Jeon Somi terduduk lemas di samping ayahnya menyaksikan rumah mereka hangus terbakar. Rumah tingkat dua dengan cat putih itu sudah berubah menjadi abu berwarna hitam. Rumah indahnya hanya tinggal puing-puing. Hari ini rasanya seperti mimpi siang bolong yang tidak pernah ia sangka. Rumah yang ia sudah tempati belasan tahun ini hanya tinggal cerita. Orang-orang masih berkumpul di sekitar mereka. Juga pemadam kebakaran yang telah berhasil memadamkan api hingga tidak merembet ke rumah di sebelahnya.Jeon Somi menangis, seluruh barang-barangnya sudah lenyap. Koleksi favoritnya berupa foto polaroid yang ia kumpulkan sudah hangus. Ia keluar dari rumah itu hanya bisa menyelematkan ponsel dan tas kuliahnya yang berwarna biru dan sebuah boneka karakter Koya.
"Oke, Appa hari ini kita tunawisma." Jeon Somi berkata sarkastik. Lalu menghela nafas dengan nada berat.
Kehidupan Jeon Somi sama seperti penduduk Kota Seoul lainnya. Tidak miskin tidak juga kaya. Bisa dikatakan cukup. Memiliki rumah dua lantai dengan Ayahnya yang bekerja sebagai chef kapal pesiar. Namun, kalau kasusnya seperti ini, harta terbesar mereka lenyap, akan menjadi sebuah cobaan yang berat juga untuk mereka.
"Kita menginap di hotel dulu untuk dua hari kedepan. Bagaimana kehidupan kita nanti akan Appa pikirkan oke?"
***
"Somi.""Ne?"
"Ayo bersiap-siap. Kita kerumah kawan lama Appa. Ia menawarkan bantuan untuk kita."
Somi yang sedang memainkan ponselnya itu segera menghentikkan aktivitasnya. Mengambil satu tas yang berisi laptop dan ponselnya. Lalu berjalan mengekor Ayahnya yang kini berdiri di depan pintu Hotel.
"Mau kemana?"
"Ke rumah kawan lama Appa. Ia mendengar musibah yang kita alami dan menawarkan bantuan."
"Kita akan tinggal dirumahnya?"
"Ya, untuk sementara waktu."
Jeon Somi dan Ayahnya sudah berada di dalam taxi. Jeon Somi sudah tidak lagi menangis. Sejujurnya ia lebih banyak berpikir. Masih tidak percaya kalau rumahnya sudah menjadi abu. Malam itu, Somi yang berada di kamar dan sedang tidur terbatuk. Karena asap yang memenuhi seluruh kamarnya. Dengan begitu kaget ia bangun dan berteriak kebakaran. Ia mengambil tas nya dan boneka yang berada di kasur lalu segera keluar. Api sudah merayap di bagian belakang rumahnya. Lalu Ayahnya datang dan meneriakkan namanya, "Somi! Ayo keluar. Kebakaran!!"
Dengan susah payah, Somi membuka matanya dan mendapati Ayahnya menarik tangannya untuk segera keluar dari rumah yang sudah terasa begitu panas dan berasap."Tidak apa-apa Somi, sudah terjadi. Yang penting kau selamat sudah lebih dari cukup untuk Appa." Ayahnya menggenggam tangannya. Dan meyakinkan bahwa semuanya akan baik-baik saja. Somi tersenyum getir. Benar, setidaknya Ayahnya satu-satunya orang yang ia punya masih selamat dan bersamanya saat ini.
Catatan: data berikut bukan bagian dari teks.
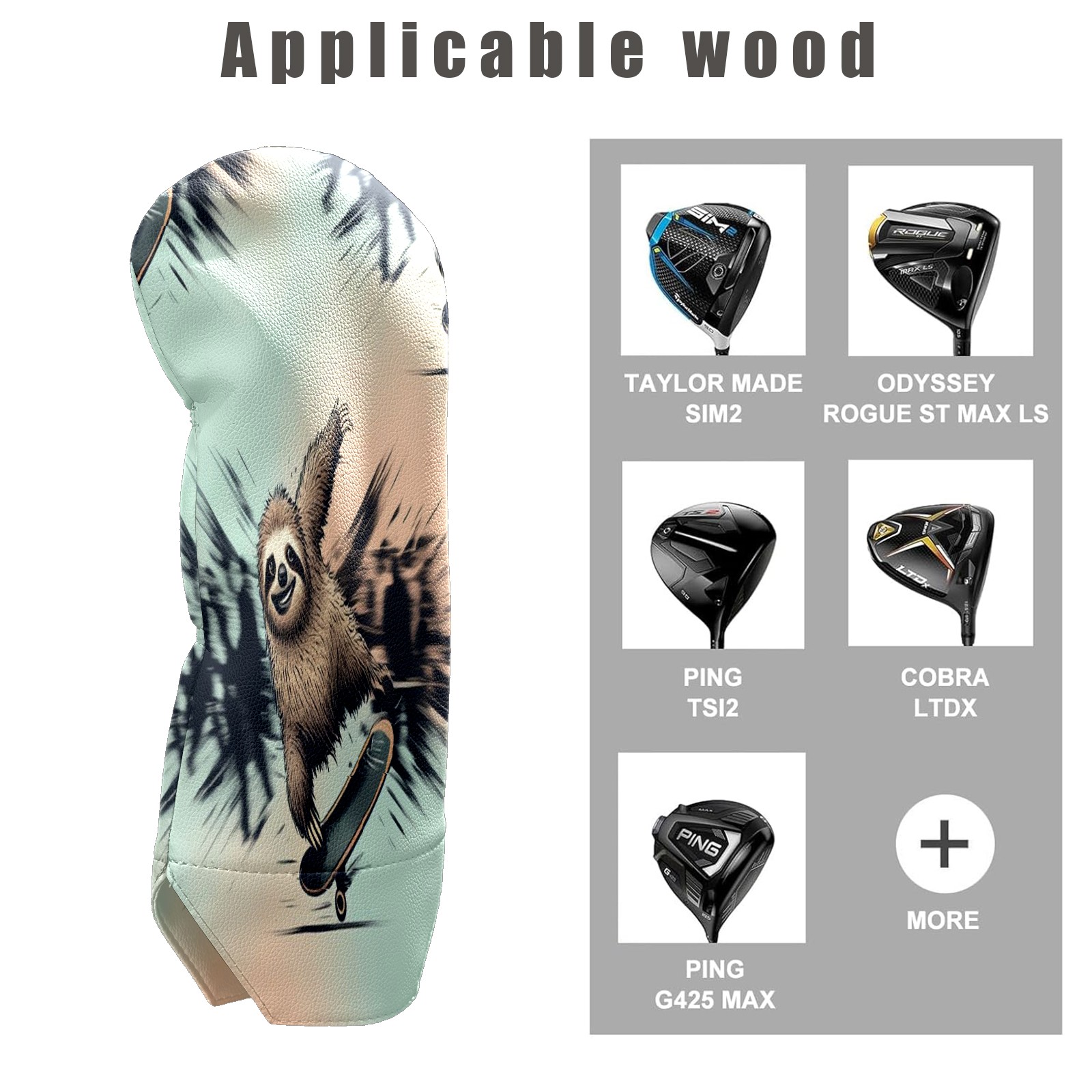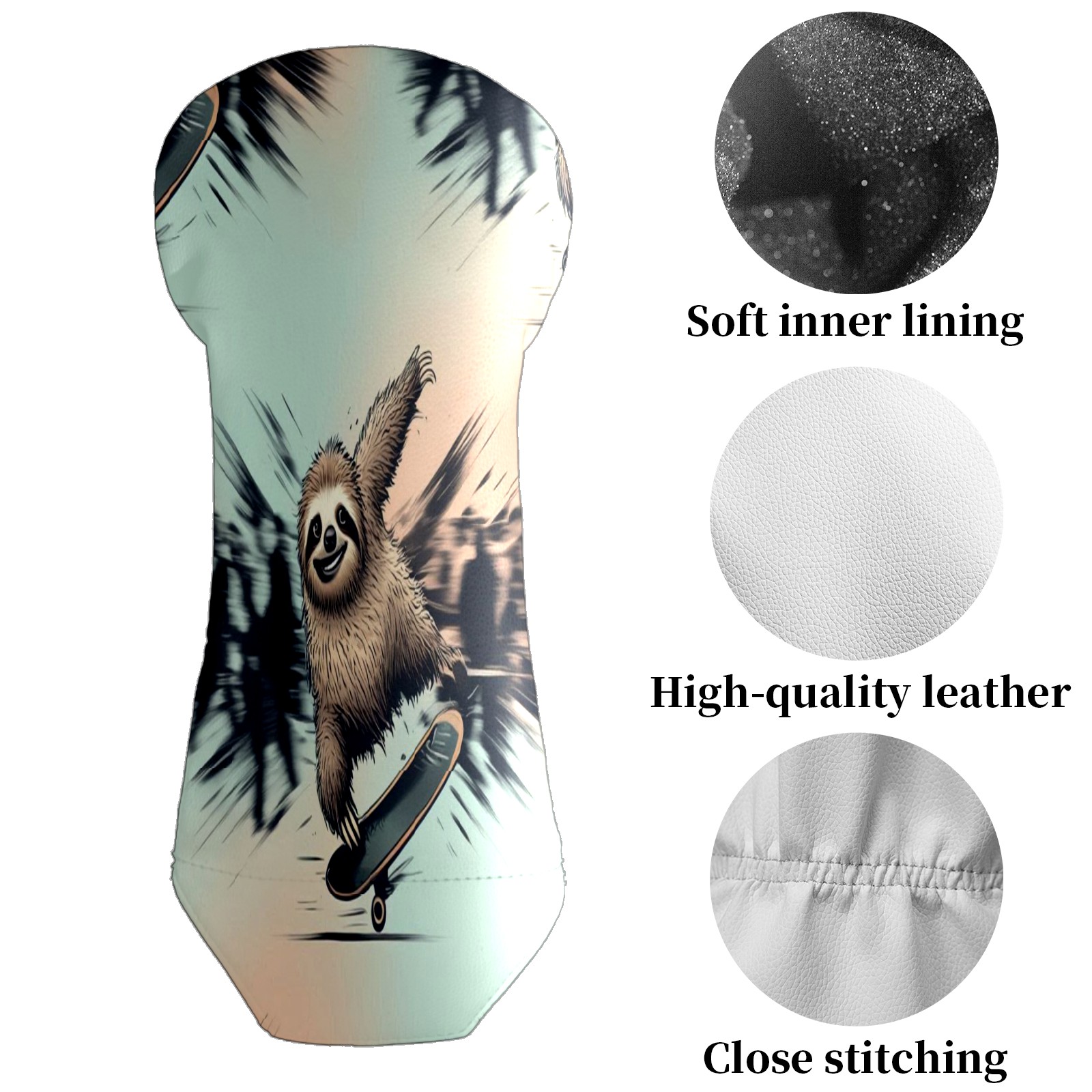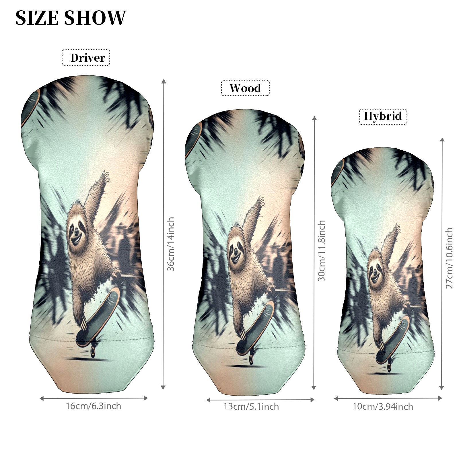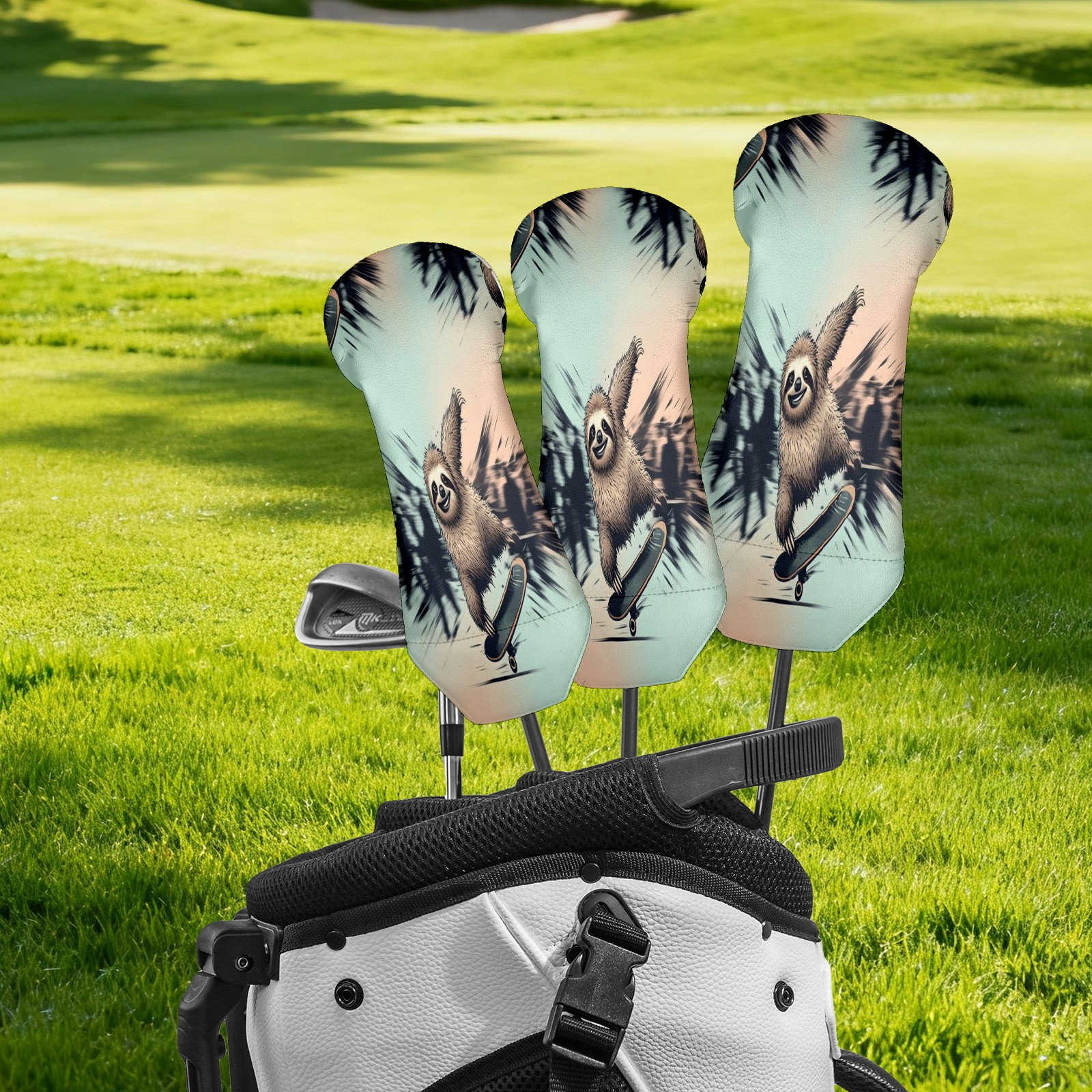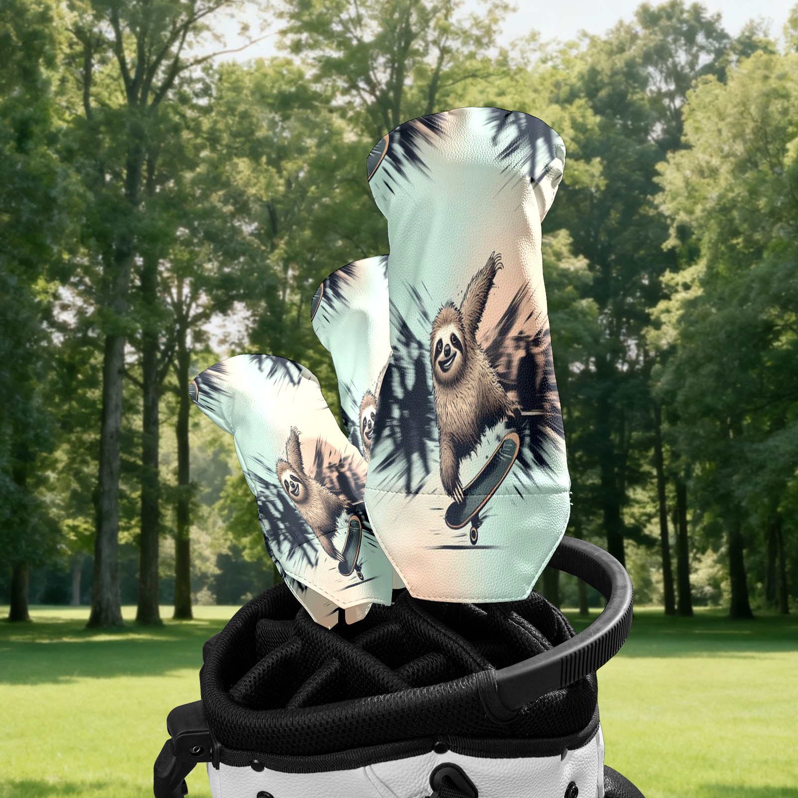 Waterproof Golf Club Headcover for Driver/Fairway/Hybrid - Counullo Cool Sloth Blue Design, Premium PU Leather with Velvet Lining, Lightweight Golf Gift for Men/Women (3 Sizes)
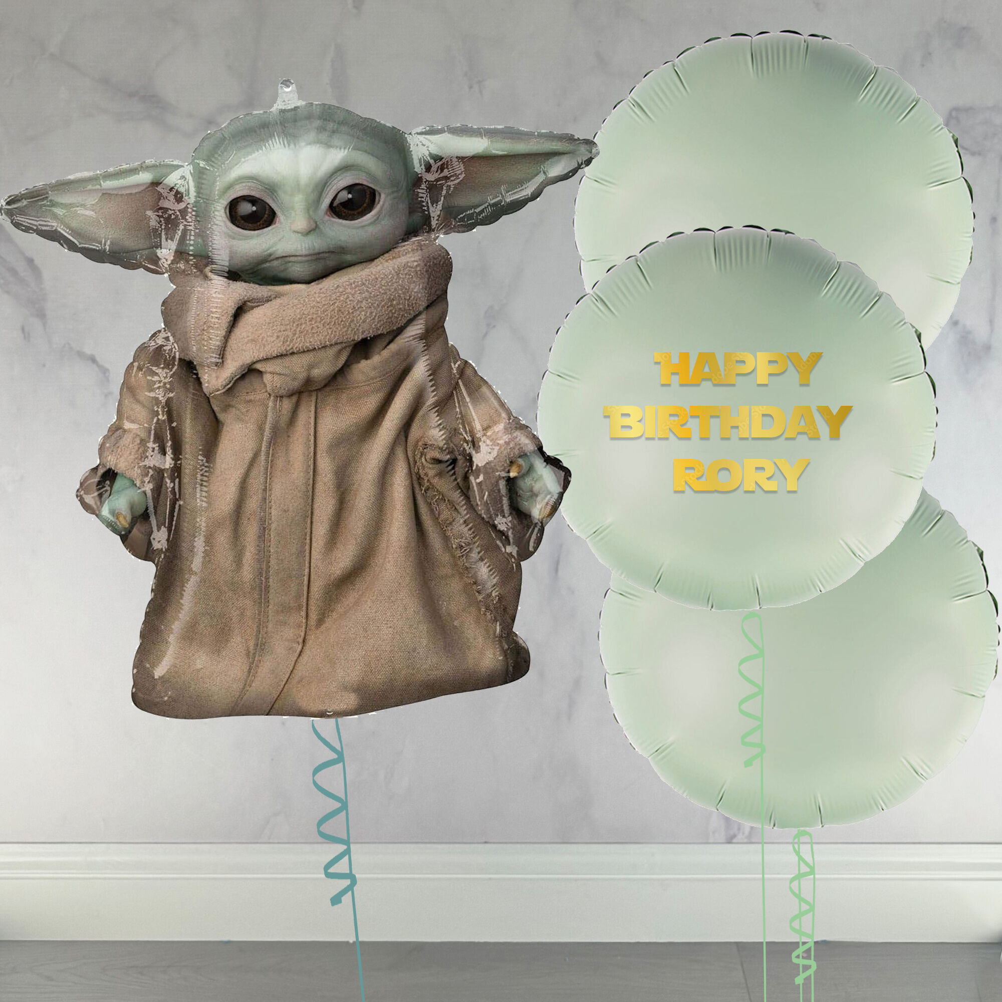 Official licensed Star Wars Mandalorian inflated and personalised balloon set. This set arrives with a large ‘The Child’ 26″ balloon alongside a set of 3 x 18″ foils in a matching green colour, one of which is personalised in a matching font in a colour of your choice. These balloons arrive inflated, on matching ribbons and weights, ready to use straight from the box. With a float time of 7-10 days you will need to keep them in a warm, room temperature space away from heat sources, sharp objects and inquisitive pets.

Jeon Somi turun dari taxi. Mereka berdiri di depan sebuah rumah. Rumah besar dengan gerbang yang begitu tertutup rapat. Ayahnya menekan bel, lalu melongok untuk menampakkan wajahnya, yang tentu saja dapat terdeteksi dari dalam rumah.
Tak lama kemudian pintu gerbang terbuka.
"Ayo Somi. Kenapa kau masih diluar? Ayo masuk."
Jeon Somi melangkah ragu. Ia memegang tali tas ranselnya dengan erat dan menggendong boneka koya nya.
"Hey, sudah hadir. Ayo masuk." Lelaki paruh baya dengan potongan rambut klimis itu menyambut mereka. Kawan Ayahnya segera memeluk Ayahnya. "Ini anakmu? Cantik sekali."